I would like to underscore Jim's remarks about
preinfusion because preinfusion is critical to the pressure profiling.
One thing that Illy talks about is the migration of fines and its relationship to flow. According to the experiments discussed in the Illy book, as fines migrate from the top of the puck, they collect downstream and slow the flow. Excess pressure can cause fines "dams" and a resulting flow restriction well before the puck has been "spent". As a corollary, in the lever machine pressure mod made by Alchemist, we see that by
easing off on the lever, a dammed flow can be made to flow freely again.
There are three very different kinds of "resistance" offered by the puck:
1) The good resistance when preinfusion has caused the puck to swell
2) The bad resistance caused by dammed fines
3) The bad resistance from overtamping and/or too fine a grind
The latter two are actually inhibiting the extraction.
Yet to an eye trained on the the numbers and the graphs and plots alone, the three extractions might appear "to present" the same; the difference might not be apparent in the numbers. A brew pressure of, say, 8 bar when the resistance is caused by dammed fines or by too fine a grind|too dense a tamp is different from a brew pressure of 8 bar that results from a properly preinfused and swollen puck.
If the numbers included preinfusion duration and pressure, as well as some number representing the fineness of the grind|weight of the tamp, the data would be completer, but that could be a hassle. Elsewhere Jim has remarked about doing postmortems on pucks preinfused to varying degrees, and this would be good to bear in mind for these pressure profilings. The profiler should determine the threshold point where the puck has been thoroughly preinfused. A very gentle preinfusion pressure (too gentle for channeling to occur) and then looking for the first drops is a good seat-of-the-pants approach if you want to avoid the hassle of post-mortems. But gentle preinfusion pressure is paramount in that case.

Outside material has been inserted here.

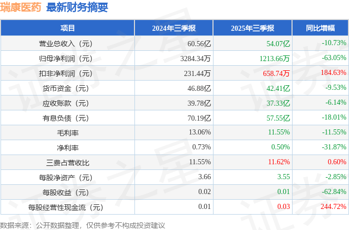 据证券之星公开数据整理,近期瑞康医药(002589)发布2025年三季报。根据财报显示,瑞康医药净利润同比下降63.05%。截至本报告期末,公司营业总收入54.07亿元,同比下降10.73%,归母净利润1213.66万元,同比下降63.05%。按单季度数据看,第三季度营业总收入18.63亿元,同比下降7.98%,第三季度归母净利润-602.98万元,同比下降200.65%。
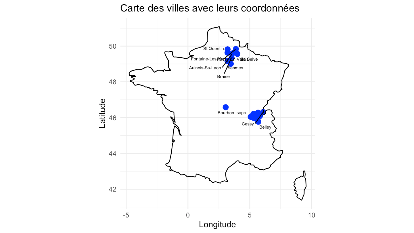 labs(title = "Carte des villes avec leurs coordonnées",

Depth of roast and the bean itself also can have significant effects on the porosity of the puck. Since different beans have different makeups (e.g. robusta more solids than arabica has) would it be advisable to run these tests with an S.O. arabica bean instead of a blend?
Regards
Timo
P.S. Judging from the spring characteristics and piston diameters of those lever machines we have taken apart and measured here on H-B.com, they produce maximum brew pressures of 6 to 7 bar. I haven't had the pleasure of reading a photo essay on a heftier spring lever.